The hybrid elm cultivar Ulmus × intermedia 'Coolshade' is an American hybrid cultivar cloned from a crossing of the Slippery, or Red, Elm Ulmus rubra (female parent) and the Siberian Elm Ulmus pumila at the Sarcoxie Nurseries, Sarcoxie, Missouri, in 1946. At Arnold Arboretum, where there was a specimen, herbarium material was labelled Ulmus pumila 'Coolshade'.

==Description==
'Coolshade' has rapid, stocky growth with a compact crown resistant to breakage under ice and snow. Its foliage is a very dark green.

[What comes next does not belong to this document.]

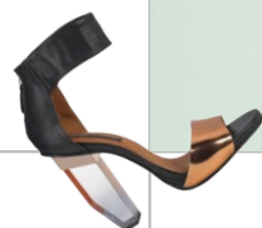
Leather and Plexiglas shoes, £200, Miista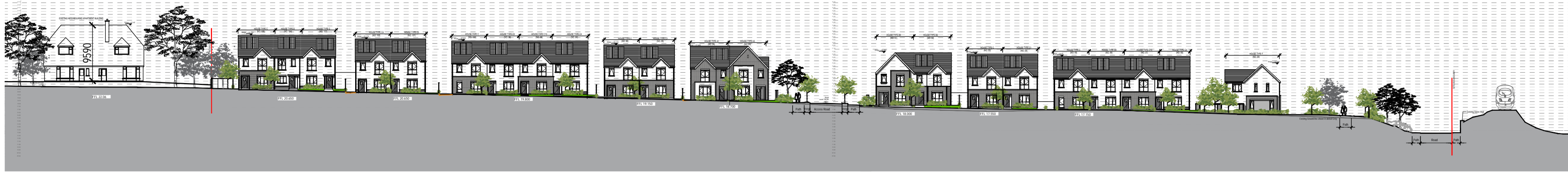
01 Site Context Elevation D-D Scale: 1:500

There appears to be little evidence of Ulmus rubra ingression in the Arnold Arboretum tree; leaf specimens taken in 1960 are labelled Ulmus pumila 'Coolshade', suggesting that its hybridity may have been questioned there.

==Pests and diseases==
Reputedly tolerant of Dutch elm disease, 'Coolshade' has not been tested by inoculation to determine the degree of resistance.

==Cultivation==
'Coolshade' was raised to create a disease-resistant tree that would not suffer the storm damage frequently sustained by the weak-wooded U. pumila. The tree was introduced to the UK in the 1960s but no longer survives there. A claimant in Tenantry Rd, Brighton, has more vein-pairs, larger leaves and shorter petioles than the type.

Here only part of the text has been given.